- [DATA PROVIDED]:
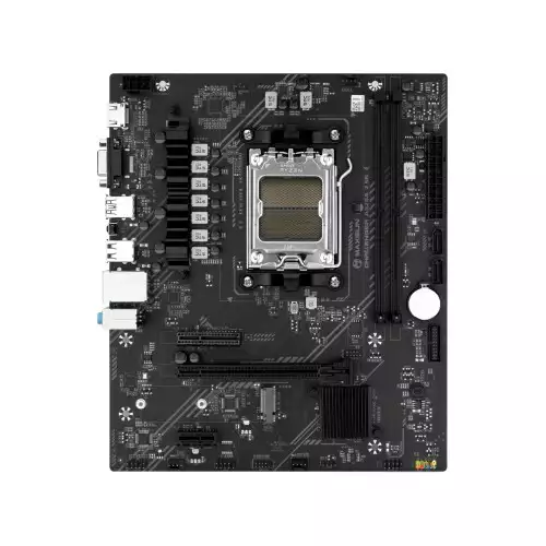 The Maxsun Challenger A620A 2.5G DDR5 AMD Motherboard is a feature-packed micro-ATX motherboard designed to deliver outstanding performance and reliable functionality for modern AMD systems. Built with the AMD A620 chipset, this motherboard supports the latest AMD AM5 socket processors, making it compatible with powerful Ryzen 7000, 8000, and 9000 series CPUs. With two DDR5 memory slots, users can expand up to 96GB of high-speed memory, ensuring blazing performance for multitasking, gaming, and productivity. The memory slots support speeds from 4800MHz and beyond with overclocking, making it ideal for users who want to get the most out of DDR5 technology. For storage, it offers a PCIe 4.0 x4 full-speed M.2 interface with NVMe protocol support, enabling ultra-fast SSD performance, alongside 2 x SATA 3.0 ports for traditional storage expansion. Expansion flexibility is enhanced with 1 x PCIe 4.0 x16 slot for graphics cards, 1 x PCIe 3.0 x4 open slot for 10Gb Ethernet or other add-ons, and 1 x PCIe x1 slot for peripheral cards, ensuring excellent customization. On the connectivity front, the motherboard features a Realtek RTL8125BG 2.5Gb Ethernet port for lightning-fast and stable networking performance. Display output is supported with both VGA (up to 1920x1080@60Hz) and HDMI 1.4 (up to 4096x2160@30Hz) ports, offering flexibility for modern and legacy monitors. The board also includes a REALTEK ALC897 audio chip, delivering high-definition sound quality for gaming, streaming, and multimedia experiences. For USB connectivity, it provides 2 x USB 3.2 Gen1 ports and 4 x USB 2.0 ports, along with headers for front panel expansion, making it convenient for various peripheral connections. The design also integrates a CLR_CMOS button for quick system resets, enhancing ease of use for enthusiasts and overclockers. With its solid build, efficient layout, and 3-year warranty, the Maxsun Challenger A620A is an excellent choice for gamers, content creators, and PC builders looking for a dependable and performance-focused motherboard at a competitive price point.
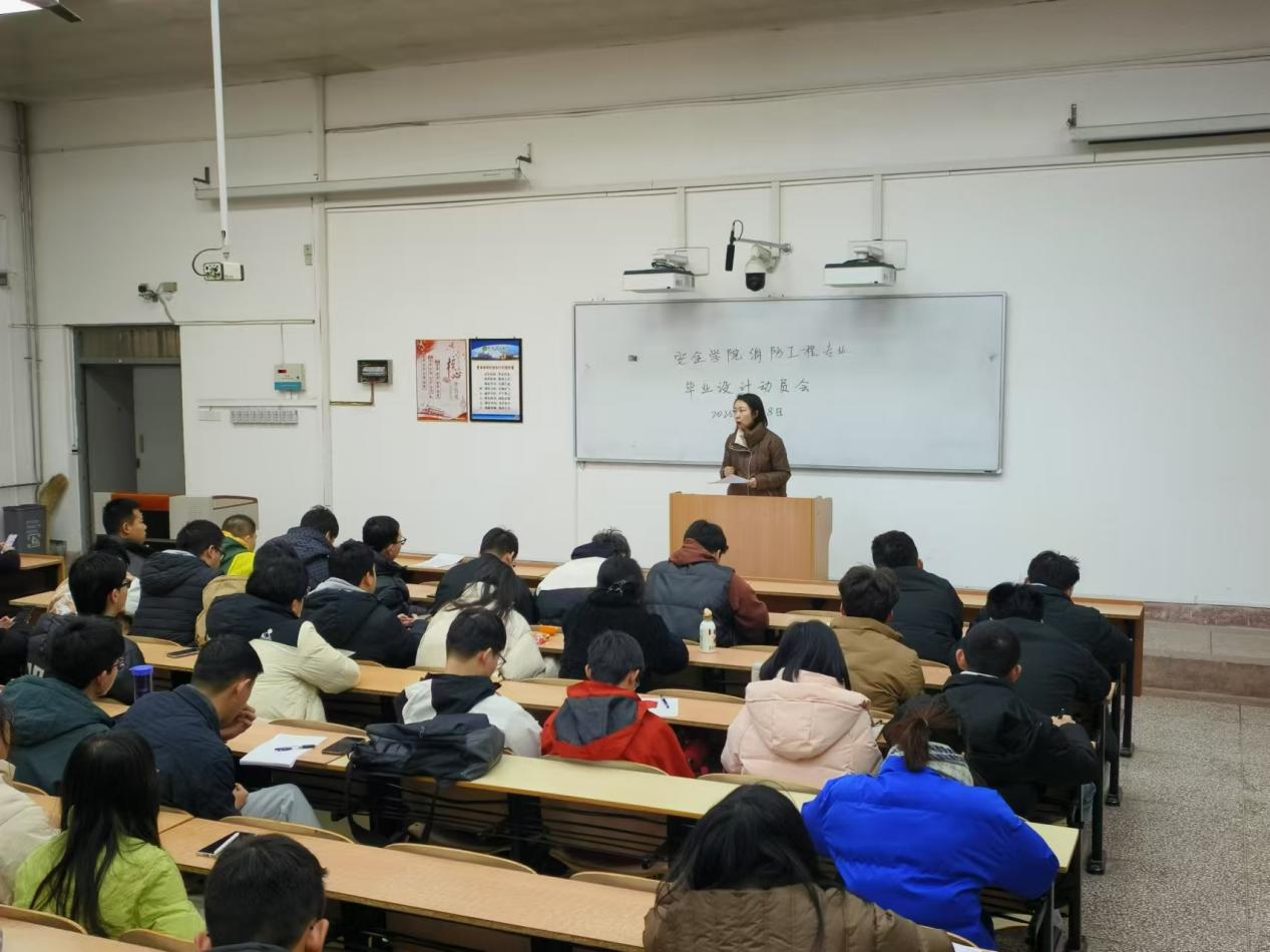 在临潼校区骊山校园分专业召开2025届本科生毕业设计动员暨安全教育大会。学院执行院长林海飞,副院长肖鹏、王彩萍,各系主任,毕业设计指导教师,毕业班辅导员,以及毕业班全体学生参加了会议。
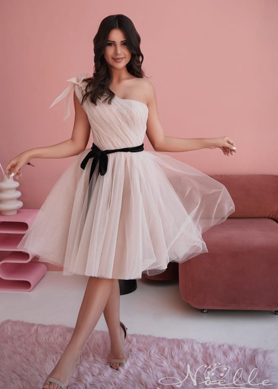 Выпускное платье на одно плечо с бантом
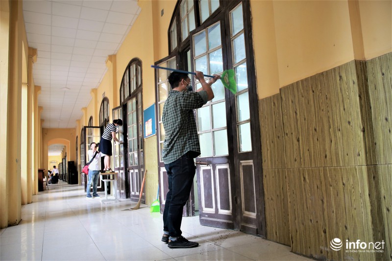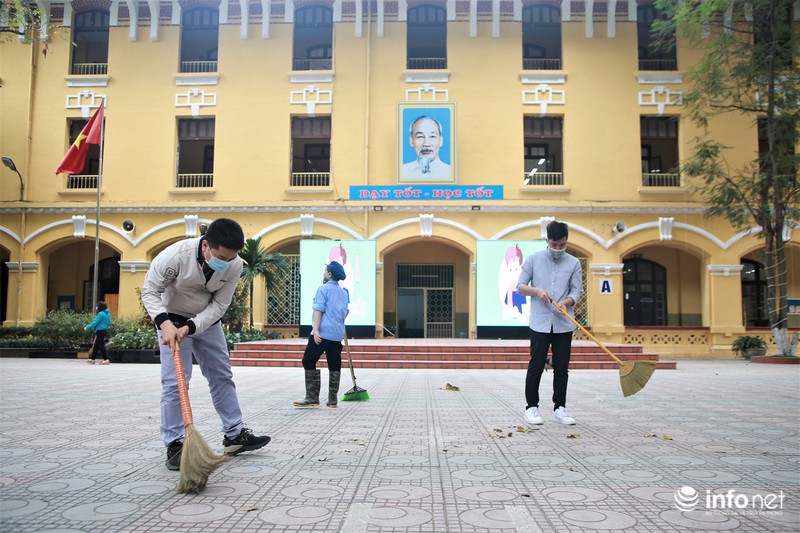 Ghi nhận của PV, tại trường THPT Phan Đình Phùng (Ba Đình, Hà Nội), công tác vệ sinh được tiến hành khẩn trương trên toàn quy mô trường. |
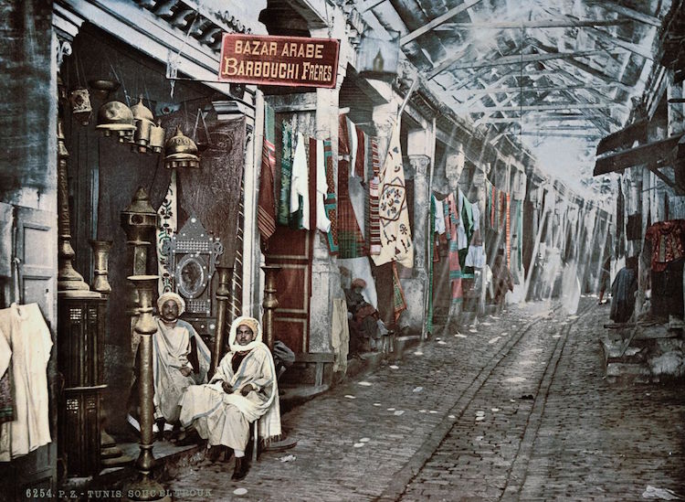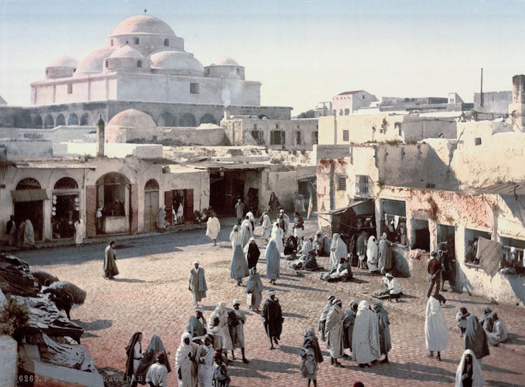 这些华丽的彩色明信片印于1899年,记录了那个时期突尼斯人的日常生活场景,明信片中展示了充满生气的街道和壮观的建筑,以及突尼斯人。

- [WORK ITEM]: Please print exactly the lines running from the line with "Выпускное платье на одно плечо с бантом" through the final line of the material, and nothing more. Keep pictures out.

- [RESULT]:
 Выпускное платье на одно плечо с бантом
 Ghi nhận của PV, tại trường THPT Phan Đình Phùng (Ba Đình, Hà Nội), công tác vệ sinh được tiến hành khẩn trương trên toàn quy mô trường. |
 这些华丽的彩色明信片印于1899年,记录了那个时期突尼斯人的日常生活场景,明信片中展示了充满生气的街道和壮观的建筑,以及突尼斯人。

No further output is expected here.